| HOW TO COMPLETE THIS TASK |
Leave out any picture and return the remaining listing below exactly as given.

| INFORMATION PROVIDED |
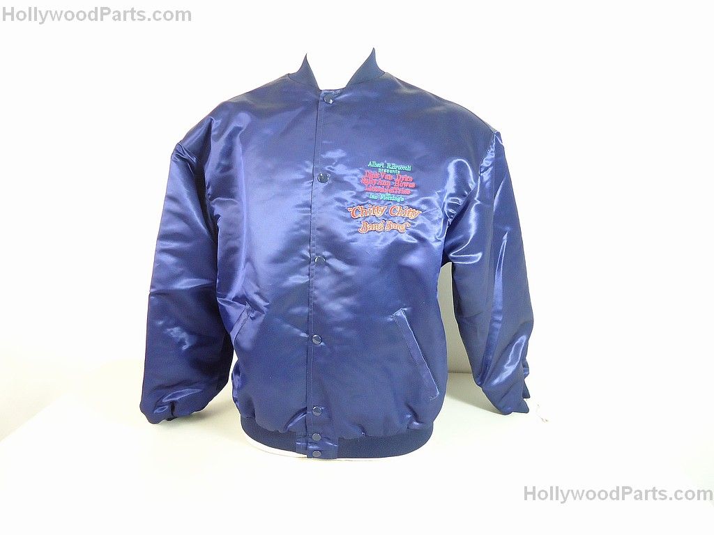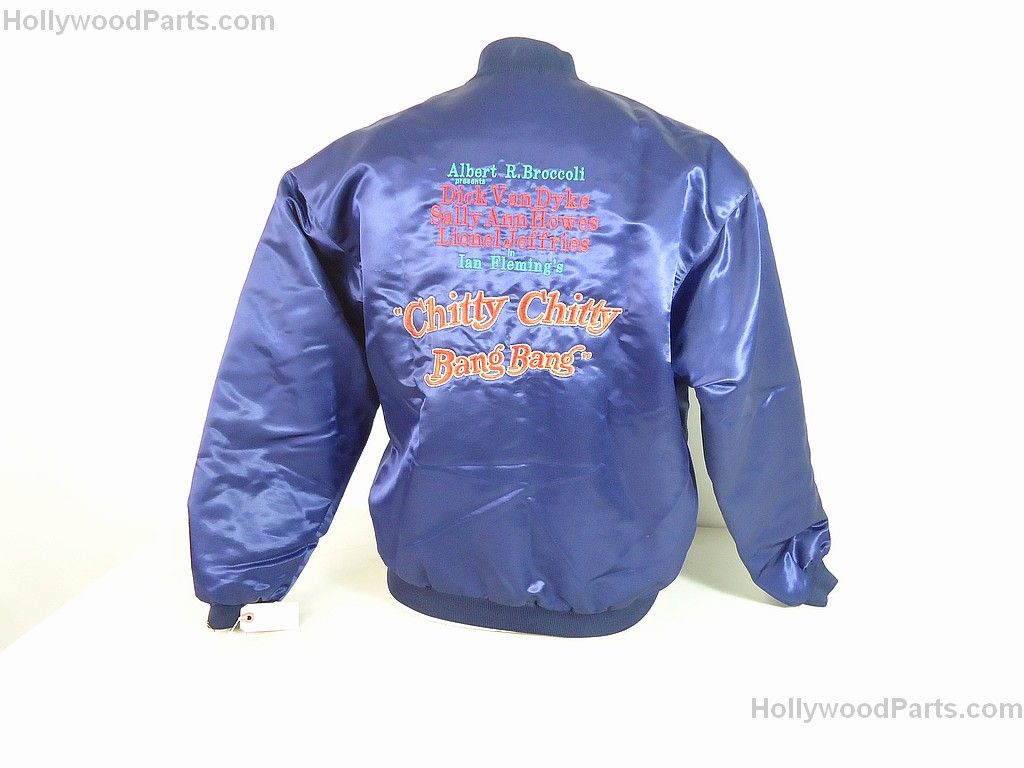 Blue satin promotional Chitty Chitty Bang Bang Jacket. Features embroidered names of movie title, main characters, producer and writer. Jacket is made of soft satin and fits an large to extra large. Great condition. Used for promotional events and marketing. Made by original production crew.
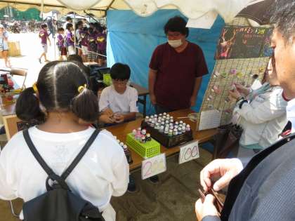 南郷中バドミントン部は、例年同様に使用済みのシャトルを加工したキーホルダーの販売です。
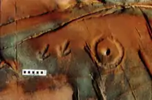 The Panaramitee Style has been argued to be over seven thousand years old based on archaeological dating techniques, anthropological research, the recent occurrence of geographic barriers and animal tracks which possibly portray extinct megafauna.[2] Rock art is notoriously difficult to accurately date with very few examples of stratigraphic association which are conclusively related to the artwork (Mulvaney and Kamminga 1999:367). However, it has been long assumed that the Panaramitee Style is very old based on Basedow’s aforementioned early publication. He justified a Pleistocene age by using four main arguments (1) petroglyphs located at two sites are inaccessible because of vertical erosion (2) detached painted rock on the valley floor, the other part of the design situated high on the rock face (3) dark patina covering the petroglyphs (4) speculated megafauna tracks, said to reflect extinct diprotodon prints.[5] This was furthered by later claims from Norman Tindale suggesting genyornis and procoptodon tracks near Yunta Springs and reports from Charles P. Mountford that a saltwater crocodile was depicted at Panaramitee station.[5] Since the extinction of most megafauna transpired at least 20,000 years ago and the extinction of saltwater crocodiles in this region millions of years ago, these speculations would suggest a very late antiquity.[1]

| TASK ANSWER |
 Blue satin promotional Chitty Chitty Bang Bang Jacket. Features embroidered names of movie title, main characters, producer and writer. Jacket is made of soft satin and fits an large to extra large. Great condition. Used for promotional events and marketing. Made by original production crew.
 南郷中バドミントン部は、例年同様に使用済みのシャトルを加工したキーホルダーの販売です。
 The Panaramitee Style has been argued to be over seven thousand years old based on archaeological dating techniques, anthropological research, the recent occurrence of geographic barriers and animal tracks which possibly portray extinct megafauna.[2] Rock art is notoriously difficult to accurately date with very few examples of stratigraphic association which are conclusively related to the artwork (Mulvaney and Kamminga 1999:367). However, it has been long assumed that the Panaramitee Style is very old based on Basedow’s aforementioned early publication. He justified a Pleistocene age by using four main arguments (1) petroglyphs located at two sites are inaccessible because of vertical erosion (2) detached painted rock on the valley floor, the other part of the design situated high on the rock face (3) dark patina covering the petroglyphs (4) speculated megafauna tracks, said to reflect extinct diprotodon prints.[5] This was furthered by later claims from Norman Tindale suggesting genyornis and procoptodon tracks near Yunta Springs and reports from Charles P. Mountford that a saltwater crocodile was depicted at Panaramitee station.[5] Since the extinction of most megafauna transpired at least 20,000 years ago and the extinction of saltwater crocodiles in this region millions of years ago, these speculations would suggest a very late antiquity.[1]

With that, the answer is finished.